I go in and out reading text from the book to adding my own comments. The image is of my own notes from summarizing this highly dense foreword. It is helping me make sense not only of the whole book but also how to present this in a limited timeline.
From the Foreword:
“I look at Zen not as a religion but as a way of thinking, and at scientific breakthrough-the joy of creating something-as a form of enlightenment.”
~Albert Low
“Conflict is the very source of creation; thus, what is most to be feared by the company that wants it’s management to remain creative, is loss of a sense of conflict through the resolution of conflict by an old man’s methods.”
~Albert Low
More from the Foreword:
“Dilemmas arise out of the whole; problems come with the luxury of being able to reduce the whole to component parts. With dilemmas, unlike problems, there are no right solutions; one can only choose the most suitable decision. This has always been the case but nowadays managers do not simply have to wrestle with dilemmas that arise within their own companies, but also with those that arise from the interaction of their companies with society as a whole.”
~Albert Low
Karl Marx said that every system carries within it the seeds of its own destruction. … Pollution is fast becoming the number-one threat to the future- (Note: it is the number one issue here in 2015). “Outpacing other threats such as overpopulation, depleted resources, and nuclear disaster.

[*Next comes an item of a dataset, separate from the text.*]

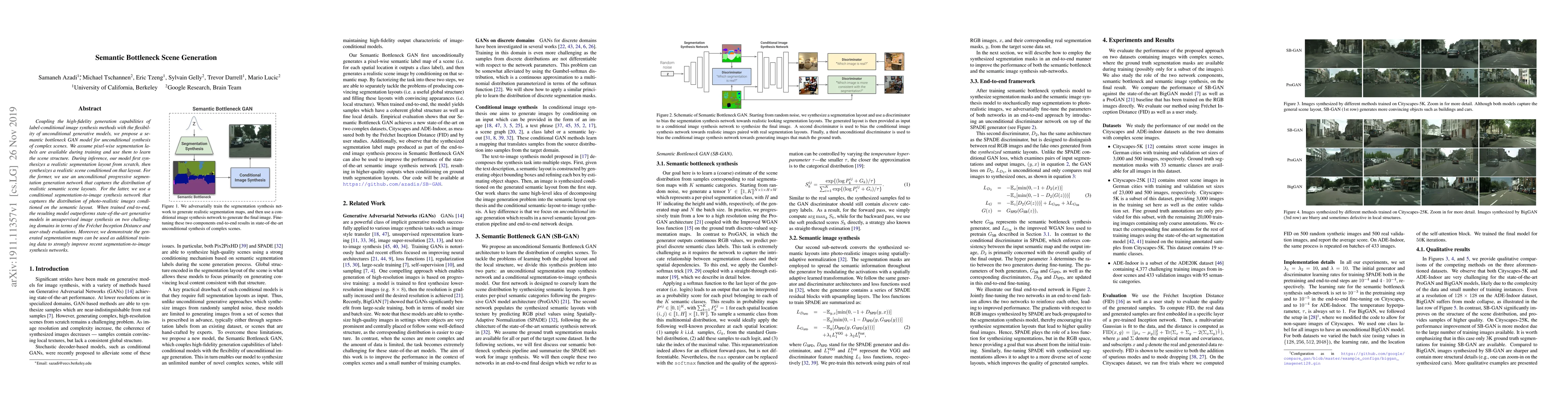 Researchers propose a new approach to generating complex scenes using a semantic bottleneck GAN model that combines label-conditional image synthesis with unconditional generative models. Their method outperforms state-of-the-art models in unsupervised image synthesis and demonstrates improved performance when using segmentation maps as additional training data.

Pollution, however, is but one horn of the societal dilemma. The need for full employment is another. The present specters of depression, unemployment, poverty, and disillusionment are the other side of the story. The pendulum will swing again, jobs will once more become plentiful, but how much more litter, discarded chemicals, waste material, and waste gasses can our planet survive.”
~Albert Low
This was written back in the 70’s.
“A full dilemma, moreover, as this book will show, has four horns, not just two. The societal dilemma also includes the need to control inflation, which still threatens the financial structure, and also free access to credit, which has become a principle feature of that structure. Each of these four is dependent on the others and none can be resolved in isolation. Each is a dimension of the whole.”
~Albert Low
He uses the term Life Force in the last paragraph of the Foreword, which is why I like this book and how it is unique for business:
“The life force that organizes species, organs, and organisms also molds organizations,. Human beings cannot conquer nature-they are nature in action. The creative leaps made by man and the creative leaps made by nature are of the same kind. Nature makes use of what may be called “un reculer pour mieux sauter,” a recoiling, in order to leap that much better. When nature’s evolutionary drive has reached a cul-de-sac, it withdraws and breaks out from a new point in a new direction. I am suggesting that Zazen is a discipline that uses un reculer pour mieux sauter; this approach provides greater facility in dealing with those organizational cul-de-sacs that are both frustrations and opportunities. Zazen seems to be as old as mankind; what is new today is its availability to the West, and specifically, its availability for dealing with the complex, multifaceted problems encountered in organizations.”